I found dance in college at age 19. I discovered how to really work while trying to catch up to folks who had been dancing since they were three. I learned to love effort. I am still learning every time I do this thing.
How long have you been here at Conn?
What do you like most about the college and working here?
I like the atmosphere of engaged learning. I love the notion that students take my experimental class precisely because they have heard that it is weird and challenging. I love the students that take the class to satisfy a Gen Ed requirement and then come to embrace (literally) each other and play as a creative process. I also love the students who dare to dance and to make art in this world, which more often prizes activities and careers that are safer.
Have you always wanted to be a professor?
For a long time, I was a working dancer and that was completely satisfying. I taught many high energy master classes on tours all over the country and the world. After a while, I wanted some feeling of longevity in my teaching life. I wanted to stay with the students for more than two rocking hours and see that the lessons were sinking in more deeply, to witness change over time.
What do you love most about teaching?
I love seeing expressions of amazement on a student’s face when she or he discovers something through movement, touch and experience, or seeing a community form through the experience of moving together, or seeing two male team players end a contact improvisation class holding hands.
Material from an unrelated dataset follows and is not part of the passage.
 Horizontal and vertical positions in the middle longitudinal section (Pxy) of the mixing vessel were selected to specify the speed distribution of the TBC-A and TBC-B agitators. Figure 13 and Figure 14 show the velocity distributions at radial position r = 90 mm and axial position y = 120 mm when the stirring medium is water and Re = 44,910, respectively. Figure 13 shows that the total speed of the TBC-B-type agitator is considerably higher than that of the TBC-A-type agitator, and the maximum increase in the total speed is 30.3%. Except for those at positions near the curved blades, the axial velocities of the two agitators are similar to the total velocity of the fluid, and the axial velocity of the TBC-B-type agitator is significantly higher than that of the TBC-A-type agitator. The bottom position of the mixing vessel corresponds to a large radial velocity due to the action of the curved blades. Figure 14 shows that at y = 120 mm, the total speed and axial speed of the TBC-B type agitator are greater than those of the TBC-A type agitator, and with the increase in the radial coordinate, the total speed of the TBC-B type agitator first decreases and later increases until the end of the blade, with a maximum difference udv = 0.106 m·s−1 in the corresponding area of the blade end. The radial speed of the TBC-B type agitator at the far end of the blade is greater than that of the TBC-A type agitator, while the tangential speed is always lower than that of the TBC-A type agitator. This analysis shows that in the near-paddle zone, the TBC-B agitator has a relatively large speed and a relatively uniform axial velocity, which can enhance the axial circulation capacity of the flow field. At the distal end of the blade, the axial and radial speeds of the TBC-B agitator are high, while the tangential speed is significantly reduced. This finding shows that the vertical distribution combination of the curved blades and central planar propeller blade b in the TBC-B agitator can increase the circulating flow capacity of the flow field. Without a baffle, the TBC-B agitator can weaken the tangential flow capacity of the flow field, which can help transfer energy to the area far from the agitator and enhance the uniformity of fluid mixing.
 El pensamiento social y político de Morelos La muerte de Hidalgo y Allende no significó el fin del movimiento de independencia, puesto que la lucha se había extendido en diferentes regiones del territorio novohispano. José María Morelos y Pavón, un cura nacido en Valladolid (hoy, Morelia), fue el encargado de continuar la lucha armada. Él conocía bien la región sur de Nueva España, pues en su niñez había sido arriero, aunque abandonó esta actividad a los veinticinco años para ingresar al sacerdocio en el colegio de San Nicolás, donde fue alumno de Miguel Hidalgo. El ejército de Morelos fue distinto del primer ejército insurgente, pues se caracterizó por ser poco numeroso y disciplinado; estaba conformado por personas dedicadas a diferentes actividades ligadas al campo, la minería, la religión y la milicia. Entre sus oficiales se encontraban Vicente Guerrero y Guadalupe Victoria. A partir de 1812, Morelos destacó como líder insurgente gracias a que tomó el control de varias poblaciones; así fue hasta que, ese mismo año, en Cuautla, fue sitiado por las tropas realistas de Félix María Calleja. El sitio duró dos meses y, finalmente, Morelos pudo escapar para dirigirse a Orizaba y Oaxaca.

I love dancing to the beautiful music of Richard Schenk. I love figuring out again and again how to stand on my feet.
Let’s say because of some bizarre series of events the teaching profession becomes extinct, if you could choose any profession in the world what would your new one be?
I have more jobs than teaching: making dances, making costumes, writing, being a mother, walking the dog, and planting pansies in pots outside the house today. If all of those jobs become extinct, I would like to go back to painting and I would like to learn to sing.
What’s your life like outside of Conn Coll?
I have two beautiful children, one naughty dog, and one lovely husband. (The adjectives may be switched according to the day.)
What’s a fun fact about you that your students would be surprised to learn?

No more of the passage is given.